With the MongoDB 5.0 release, MongoDB announced a new, dual-track release system.
The major release track includes only the ".0" releases. These will be released yearly and on all platforms. The "rapid release" track allows users to upgrade to the "point" releases, such as 5.2. However, the rapid releases are only certified on MongoDB's Atlas cloud platform (although non-certified development releases may be downloaded to on-premise deployments).
The two-tier release strategy has both practical and marketing benefits for the MongoDB company. As a practical matter, by certifying only on Atlas, MongoDB reduces the quality assurance overhead for each rapid release. From a marketing standpoint, MongoDB wants to maximize the number of customers who transition to the profitable Atlas platform. By adding goodies to Atlas first, they encourage us to move to Atlas.
The rapid releases include many useful enhancements, albeit not typically the stuff of major marketing campaigns. Let's go through some of the things that have made it into the first three rapid releases of the 5.x line—5.1, 5.2, and 5.3.
MongoDB 5.0 introduced powerful and useful windowing capabilities within the aggregation framework. As discussed in previous columns, windowing functions operate on a "window" of documents around the current document, allowing you to access trends or group information. The windowing functions were coupled with new time-series collections that are optimized for storing data ingested in a temporal order.
Since the initial release of Windowing functions, MongoDB has added new $top and $bottom operators that give you quick access to the highest and lowest elements within a sorted list. $maxN and $minN provide a similar capability: you can retrieve the top "N" elements in a sorted list. Furthermore, the $fill, $linearFill, $densify operators allow you to deal with missing values in time-series data, such as inserting an average or constant when an observation is missing.
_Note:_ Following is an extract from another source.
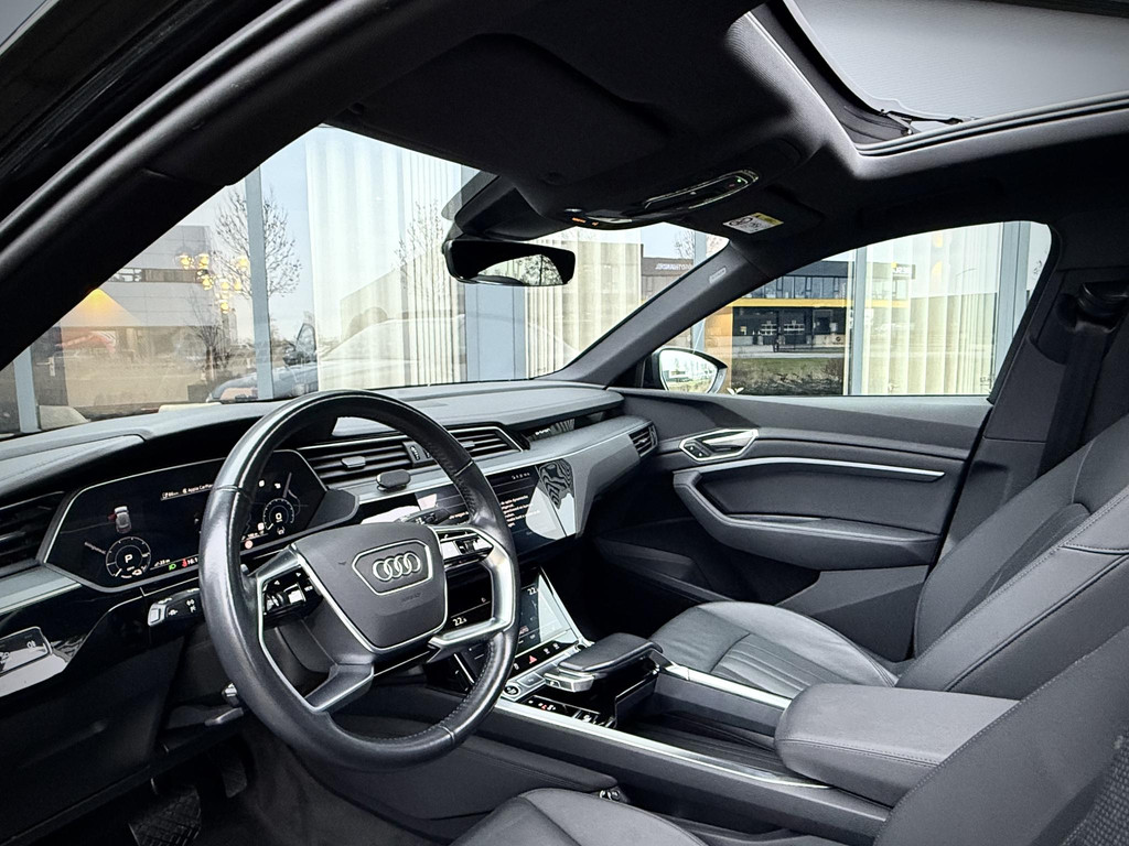 Origineel Nederlands geleverde, van eerste eigenaar afkomstige, dealer onderhouden en schade vrije Audi E-Tron 55 Quattro. Niet in gerookt en uitgevoerd in unieke Black Edition Uitvoering! Voorzien van S line interieur en S line exterieur, Black optiek exterieur pakket met hoogglans zwarte details en 22 inch hooglans zwarte S line velgen, privacy glas af fabriek, sfeerverlichting (naar kleur instelbaar), Quattro vierwielaandrijving, Luchtvering (hoogte instelbaar), stoelverwarming, afneembare trekhaak, snellaad functie, elec. achterklep, Matrix LED Verlichting, zwarte hemelbekleding, 2 x laadkabel aanwezig, 2 x sleutel, historie aanwezig, Audi accu garantie t/m 12 - 2028, 30% wegenbelasting korting, prijs is rijklaar incl BTW en 1 jaar volledige garantie. TOPSTAAT!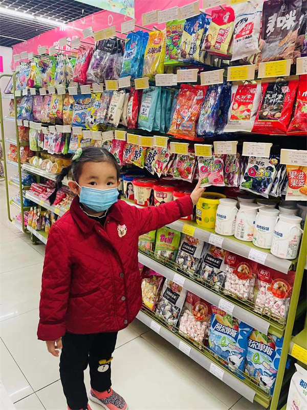 孩子们将自己喜欢的糖果带到幼儿园与大家分享,拿到糖果的小朋友迫不及待地吃了起来

Time-series collections have also been subject to some critical enhancements. Time-series collections can now be sharded, and documents can be updated or deleted in a time-series collection. Geo-indexes can now also be created on time-series data.
Another longstanding restriction on sharded systems has also been removed. MongoDB implemented joins and graph lookups way back in MongoDB 3.4 and 3.6 releases. However, until now, these operations could not be applied to sharded collections. By allowing the $lookup and $graphlookup operators to work on sharded collections, MongoDB has removed a significant limitation of sharded clusters.
5.3 also introduced clustered collections. In a normal collection, data is stored on disk roughly in the order it is inserted. This storage scheme is sometimes called "heap" storage in database terminology. In a clustered collection, data is stored in the order of the keys in the associated clustered index. Indeed, the collections documents serve as the leaf node for the B-tree that comprises the clustered index. The table and the index are inseparable. Clustered collections can be slower to consume writes but are far more performant when analytic queries that require data in the clustered order are issued.
MongoDB's recent enhancements are definitely of the perfective variety—broadly improving on the initial implementations of new features of 5.0. However, they go a long way toward enhancing the capabilities of 5.0 and creating a significant advantage for users of the MongoDB Atlas cloud. On-premise users will have to wait for this year's MongoDB 6.0 release.